About this exercise: I would like the lines below, from the one with "奔跑追逐美元符号象征财富" through the one with "Пометы: на с.", copied exactly and without any pictures.

Input material:
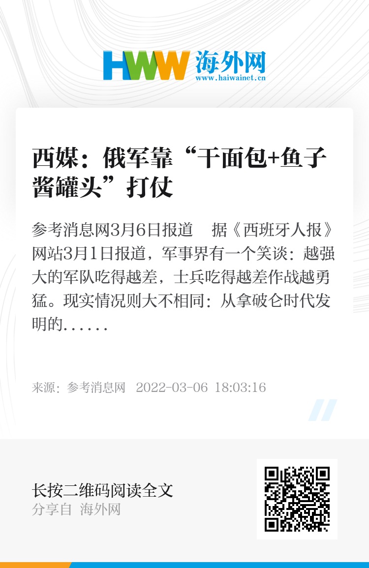 报道称,如果说“部队靠胃行军”(拿破仑的一句名言),那么苏联军队,作为一个能够调动超过400万兵力的庞然大物,当年靠的是干口粮。据库宾卡坦克博物馆介绍,类似于咸味饼干的干面包,自沙皇时代起一直是俄国士兵口粮的基础。苏联引入了牛肉罐头和马肉罐头,以及“图申卡”军用罐头。
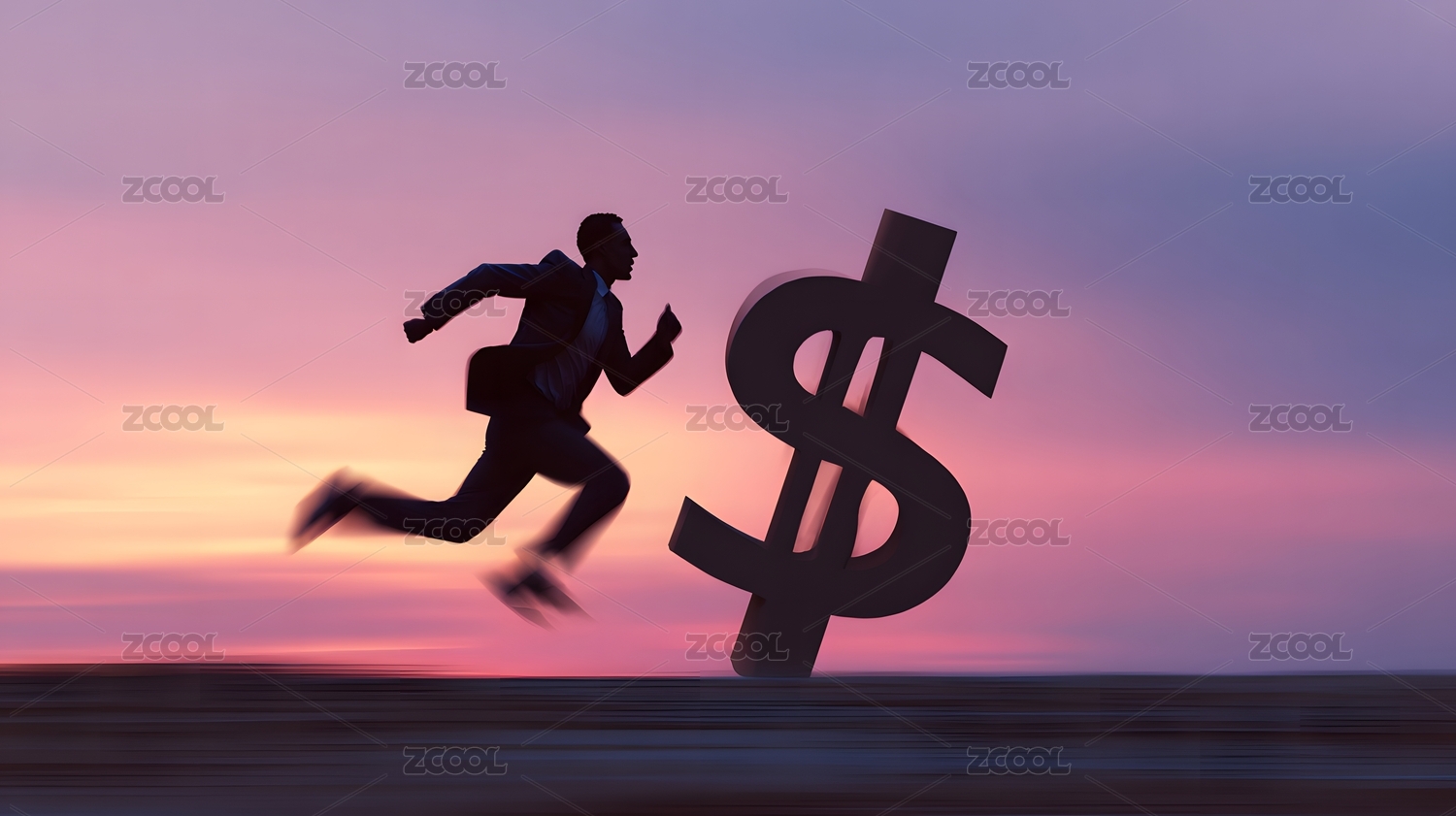 奔跑追逐美元符号象征财富
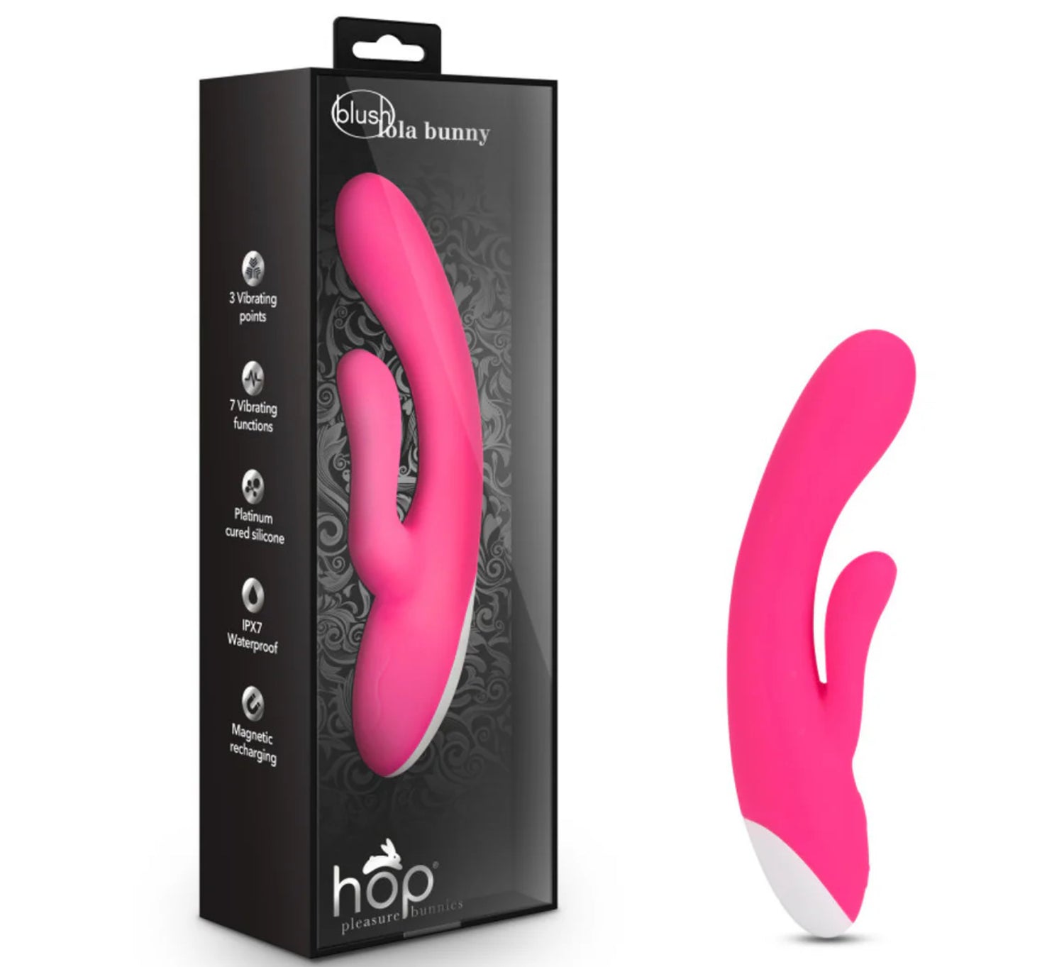 Seductively powerful, the Hop Lola Bunny has 3 flexible vibrating points for clitoral and G spot pleasure. The two clitoral arms with a vibrating point at each end provide extra stimulation. Lola Bunny features 7 strong, deep, rumbly vibrating functions: 3 speeds and 4 patterns. UltraSilk™ smooth and made with Puria™ platinum-cured silicone, the Lola Bunny is body safe, phthalate-free, IPX7 waterproof and easy to clean. USB rechargeable, eco friendly, and no batteries required. Enjoy peace of mind with our 5 year no hassle warranty
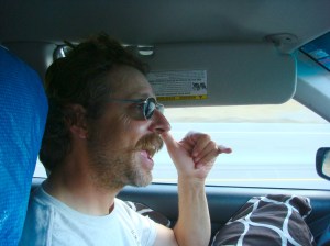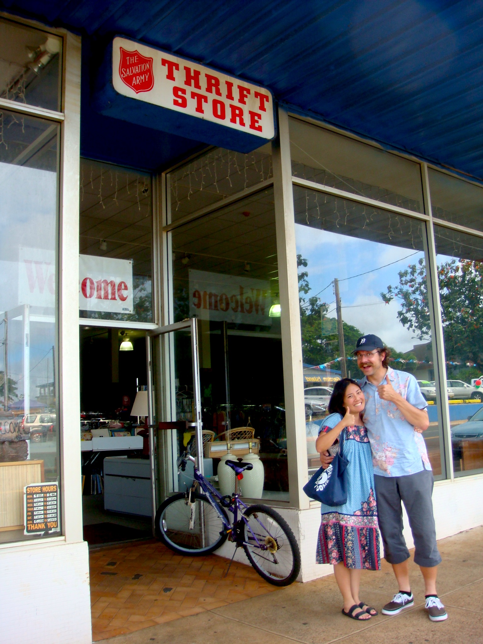 I’ve made an executive decision to abbreviate yesterday’s volcanic activities. There’s too much to post. Let’s just say we encountered a group of people + the women + girls were all dressed in full length dresses + bonnets. I saw the father/husband/elder + one of the girls at the Hilo Salvation Army. Jeff + I assumed the girl was just a Laura Ingalls Wilder fanatic. But there was a whole group of them! Cult alert!!!! Jeff distracted the father/husband/elder by talking to him about “getting back to the land” + took a covert picture. I couldn’t even go near the father/husband/elder because he creeped me out so much + he was wearing dirty 70’s Lee jeans.
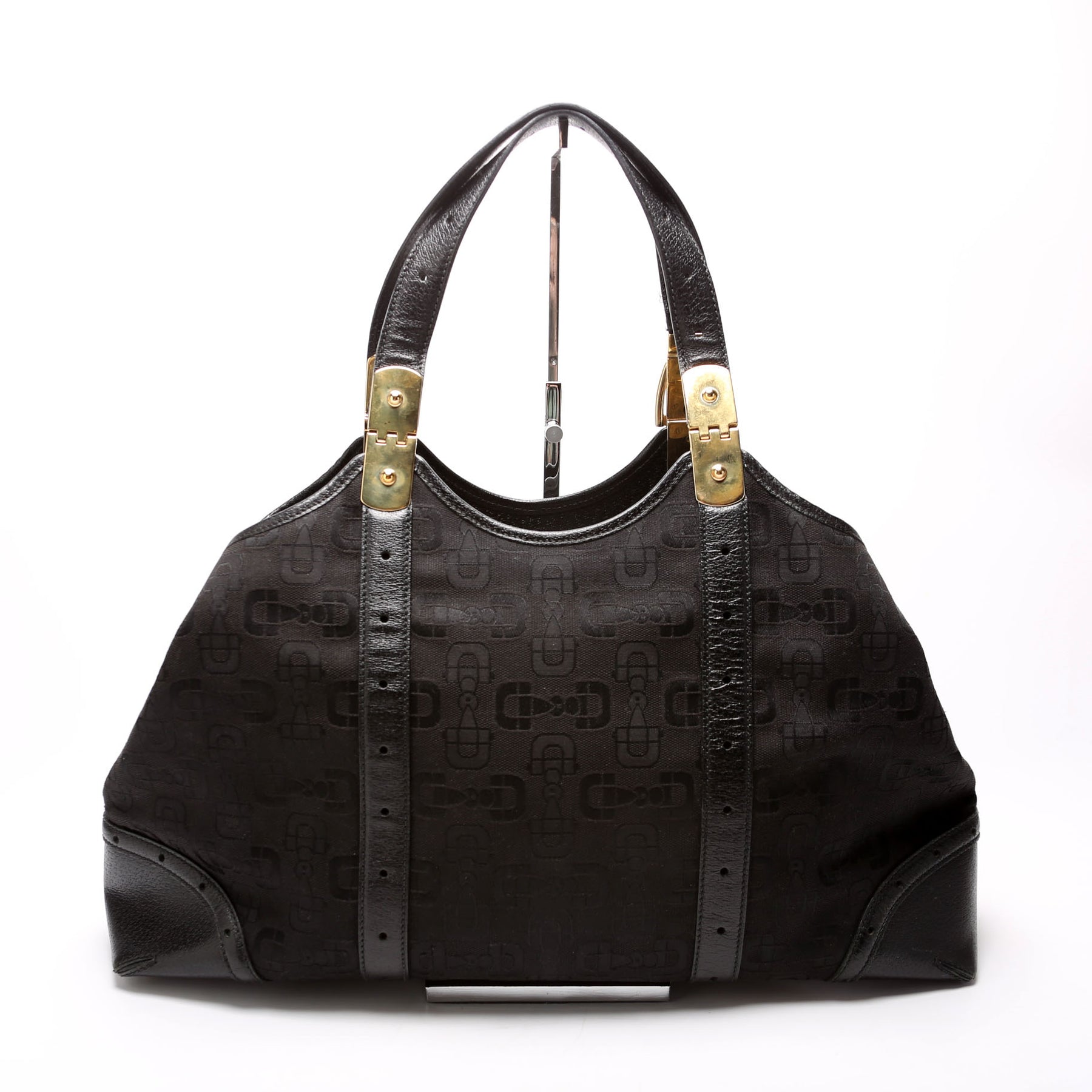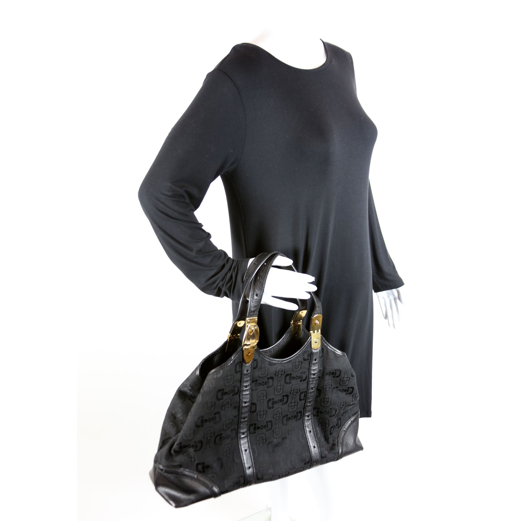 145769 Horsebit Canvas/Leather Shoulder Bag Black
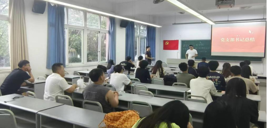 活动最后,党支部书记潘学飞同志发表讲话。潘学飞同志也向在座的学生党员分享了自己面临毕业时的一些经历与经验,并建议各位同志脚踏实地、实事求是、遵守党规党纪。
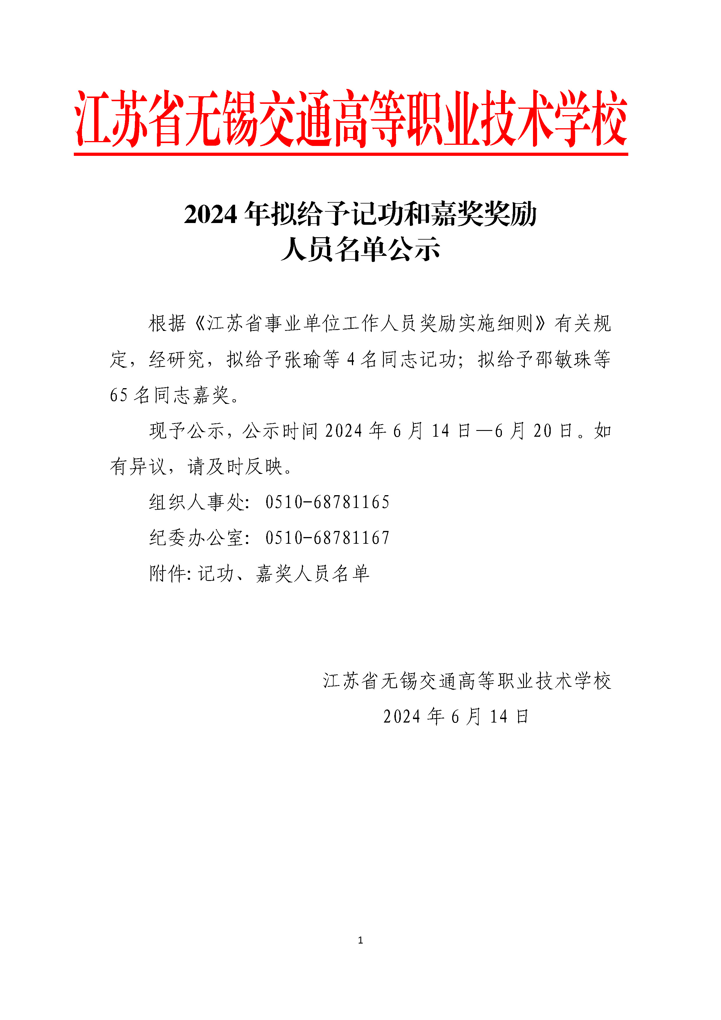 2024年擬給予記功和嘉獎(jiǎng)獎(jiǎng)勵(lì)人員名單公示
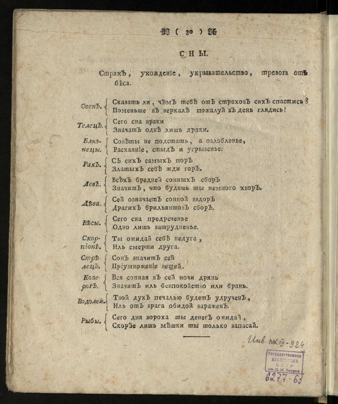 Пометы: на с. [1] обложки (чернила); на с. [2], [3] обложки, титульном листе (карандаш); на с. 30 (чернила, карандаш).
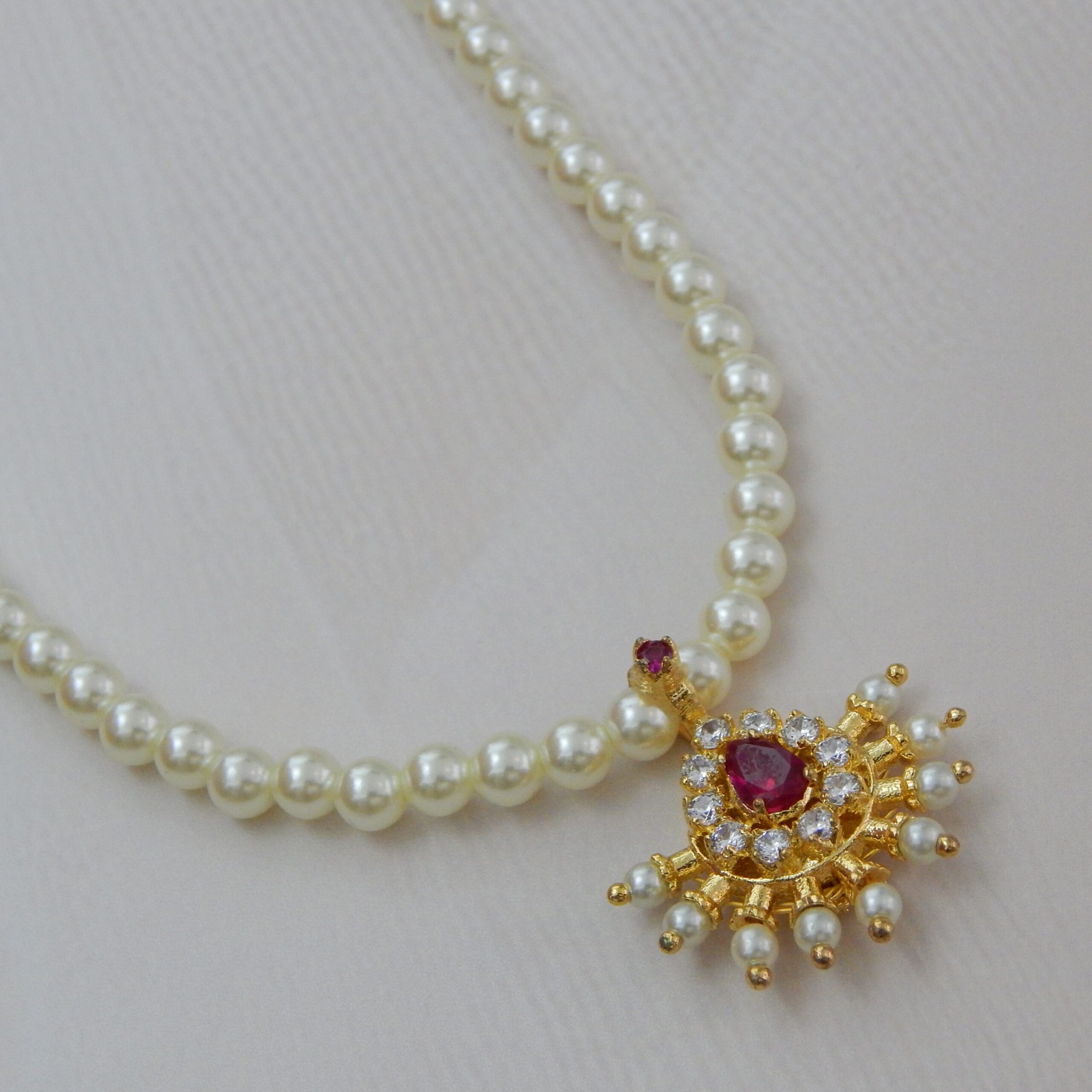 Celebrate traditional artistry with this Sunburst-Inspired Pearl Necklace from Royal Reflection DS. The radiant design features glossy faux pearls and a bold gold-toned pendant adorned with a ruby-colored centerpiece surrounded by white stones and delicate pearl droplets. Ideal for festive occasions, wedding wear, or elegant gifting, this necklace elevates any ethnic ensemble with ease.

Exercise output:
 奔跑追逐美元符号象征财富
 Seductively powerful, the Hop Lola Bunny has 3 flexible vibrating points for clitoral and G spot pleasure. The two clitoral arms with a vibrating point at each end provide extra stimulation. Lola Bunny features 7 strong, deep, rumbly vibrating functions: 3 speeds and 4 patterns. UltraSilk™ smooth and made with Puria™ platinum-cured silicone, the Lola Bunny is body safe, phthalate-free, IPX7 waterproof and easy to clean. USB rechargeable, eco friendly, and no batteries required. Enjoy peace of mind with our 5 year no hassle warranty
 I’ve made an executive decision to abbreviate yesterday’s volcanic activities. There’s too much to post. Let’s just say we encountered a group of people + the women + girls were all dressed in full length dresses + bonnets. I saw the father/husband/elder + one of the girls at the Hilo Salvation Army. Jeff + I assumed the girl was just a Laura Ingalls Wilder fanatic. But there was a whole group of them! Cult alert!!!! Jeff distracted the father/husband/elder by talking to him about “getting back to the land” + took a covert picture. I couldn’t even go near the father/husband/elder because he creeped me out so much + he was wearing dirty 70’s Lee jeans.
 145769 Horsebit Canvas/Leather Shoulder Bag Black
 活动最后,党支部书记潘学飞同志发表讲话。潘学飞同志也向在座的学生党员分享了自己面临毕业时的一些经历与经验,并建议各位同志脚踏实地、实事求是、遵守党规党纪。
 2024年擬給予記功和嘉獎(jiǎng)獎(jiǎng)勵(lì)人員名單公示
 Пометы: на с. [1] обложки (чернила); на с. [2], [3] обложки, титульном листе (карандаш); на с. 30 (чернила, карандаш).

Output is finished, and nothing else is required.